The Trilogy Strikes Back: Reconsidering Constitutional Protection for the Freedom to Strike
38 Pages Posted: 26 Nov 2013
Date Written: November 24, 2013
This paper* seeks to address the issue of constitutional protection for strike action under the Canadian Charter of Rights and Freedoms, particularly in light of the jurisprudential revolution in freedom of association jurisprudence that has taken place over the past decade. We outline the three prevailing views delineating the scope of freedom of association under the Charter -- raised in the original Labour Trilogy as well as more recent Supreme Court of Canada decisions such as B.C. Health Services -- and conclude that each requires some constitutional protection for the freedom to strike. Given the agreement on each of these views that state measures restricting the freedom to strike run afoul of section 2(d), we proceed to address the difficult question of when such restrictions are demonstrably justifiable in a free and democratic society under section 1 of the Charter. We draw on the Court's decisions in the Trilogy -- particularly those of Chief Justice Dickson and Justice Wilson, who found that the legislation in question violated 2(d) -- as well as a broader range of section 1 case law, in attempting to provide some guidance to courts in determining the constitutional permissibility of limits on strike action.
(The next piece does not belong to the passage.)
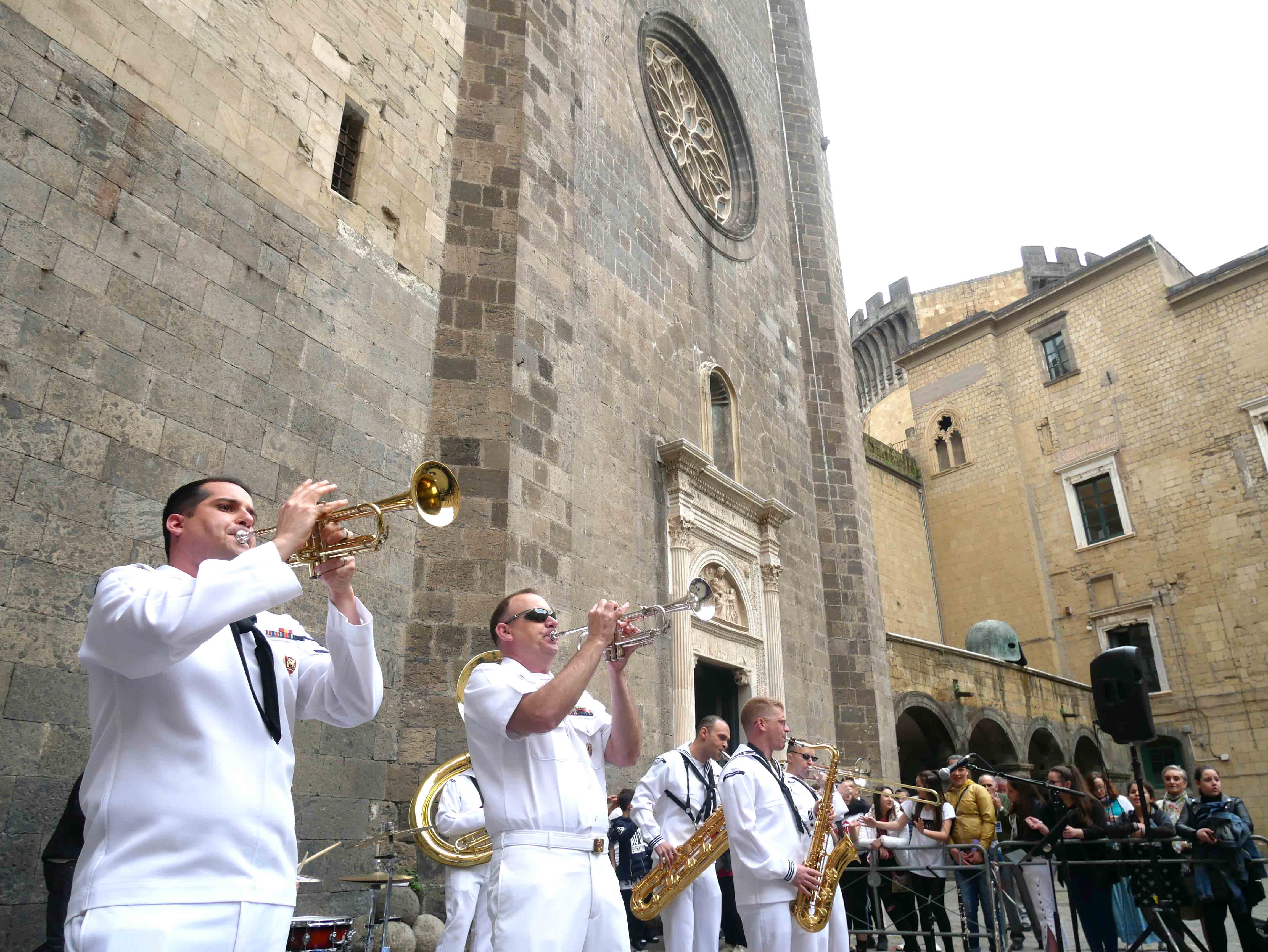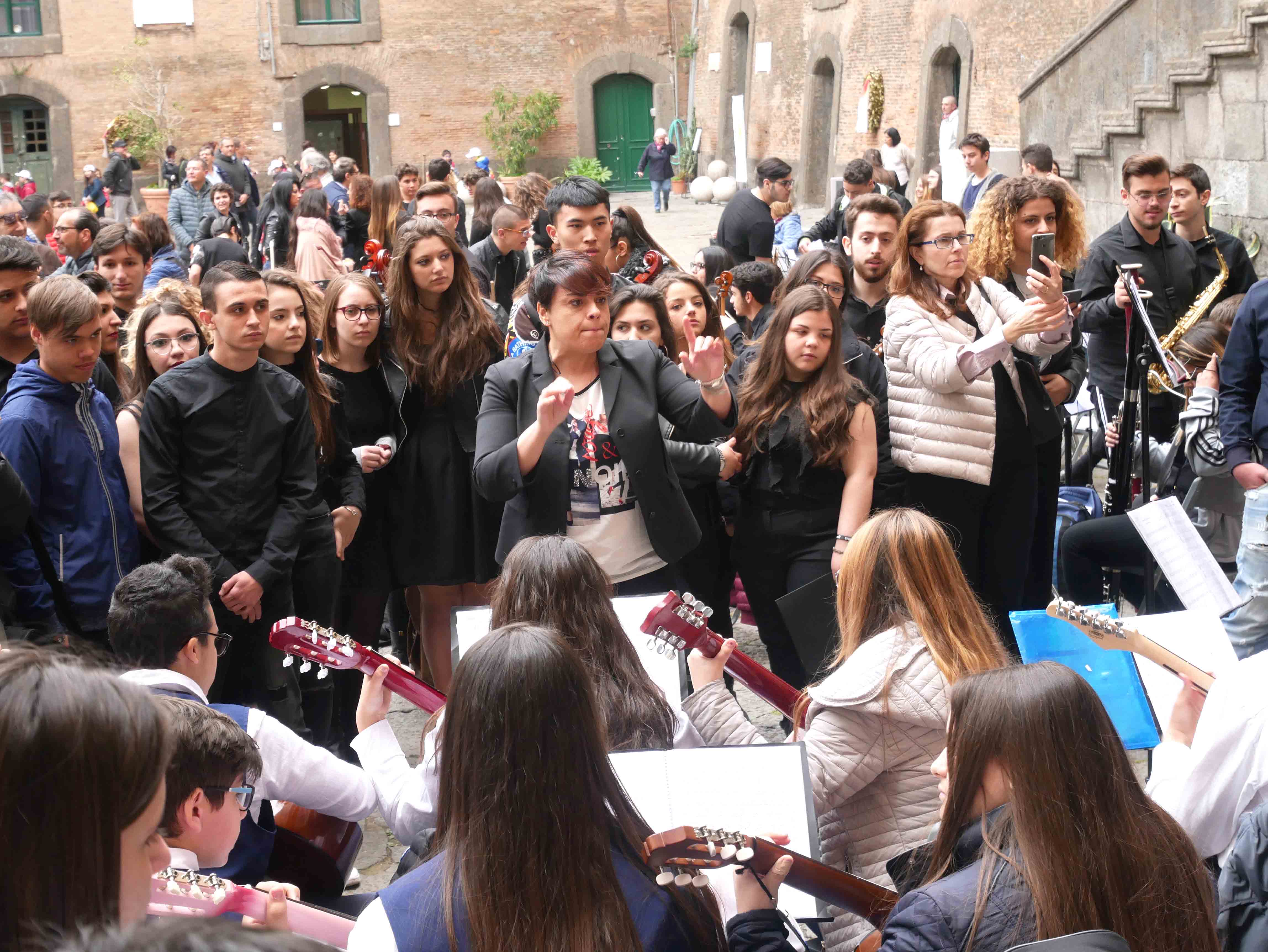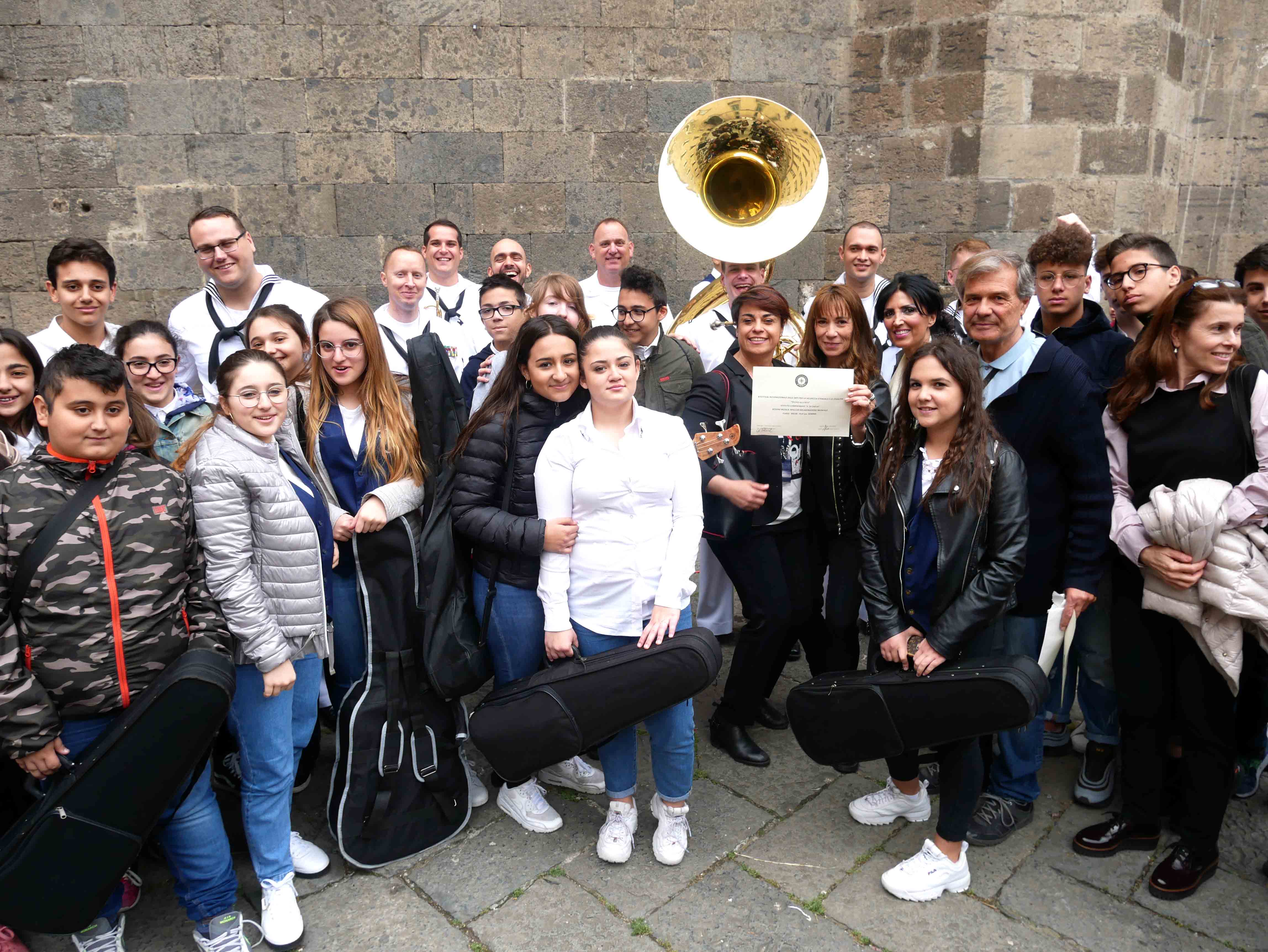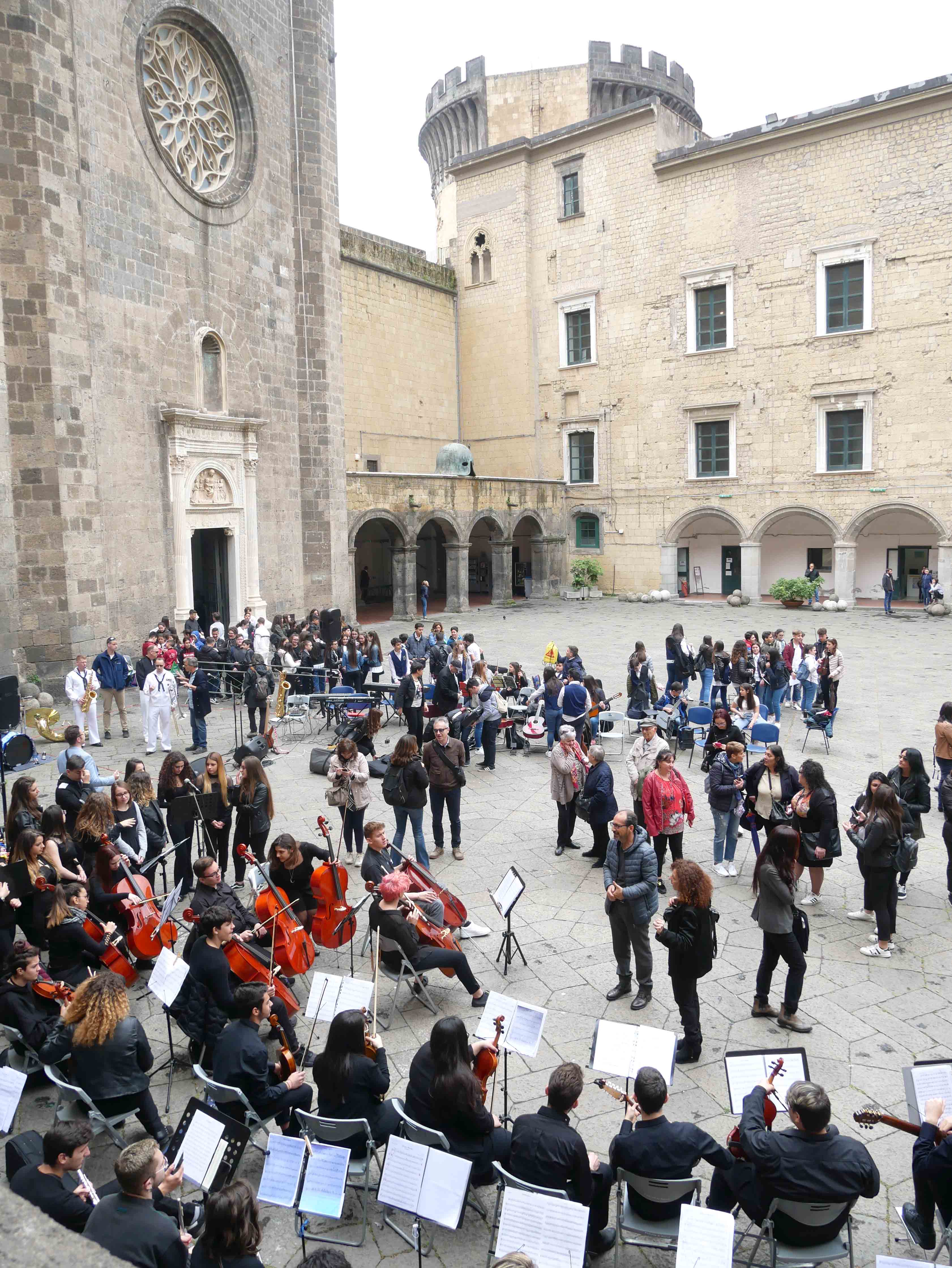 Si è svolto nel cortile del Maschio Angioino l’ottava edizione del “Festival internazionale delle arti per la sicurezza stradale e la legalità – Occhio alla vita”. Un’iniziativa promossa dall’ente del terzo settore “Etesia” che per tutto l’anno ha coinvolto una ventina di scuole, circa diecimila ragazzi, di ogni ordine e grado sul territorio di Napoli e provincia con tanti progetti teorici e pratici volti all’educazione civica. Il presidente di Etesia Antonio D’Ambrosio: “Durante l’anno tocchiamo temi importantissimi come la sicurezza stradale, il cyberbullismo, l’uso e abuso di sostanze stupefacenti, il corretto utilizzo di internet, e tutte quelle problematiche legate al disagio giovanile e alle devianze. Il tutto viene trattato attraverso l’arte per coinvolgere sia i ragazzi più piccoli che i grandi, con musica, balli, disegni, ma sono stati realizzati anche cortometraggi”. Al Maschio Angioino oggi erano presenti classi di quattro differenti scuole, Palizzi Boccioni, Scialoja Cortese, Di Capua, Dumas, che, accompagnate dalla banda musicale della Marina Militare degli Stati Uniti d’America, hanno presentato i loro progetti di fine anno. Le scuole partecipanti sono infatti italiane, francesi e americane. Alla fine delle esibizioni, gli stessi ragazzi hanno votato i progetti e sono stati premiati. Il cortile del Maschio Angioino si è animato quindi di tante musiche diverse, italiane, internazionali, napoletane, ed i ragazzi hanno suonato, cantato e ballato insieme ai militari della Marina. Da questa iniziativa partiranno corsi specifici di formazione con il coinvolgimenti di enti del terzo settore e anche dell’università Federico II di Napoli. “Ci siamo posti come obiettivo di allargare quest’iniziativa anche ad altre regioni italiane come il Molise e la Basilicata”, ha dichiarato il presidente di Etesia, D’Ambrosio.

While we do not doubt that limitations on strike action may at times be required, we believe that courts should rigorously apply the section 1 framework, to ensure that such restrictions are in fact directed at pressing and substantial objectives, are indeed rationally connected to those objectives, and are minimally impairing of the freedom.
* This is an unedited draft of a paper scheduled for publication in an upcoming volume of the Ottawa Law Review.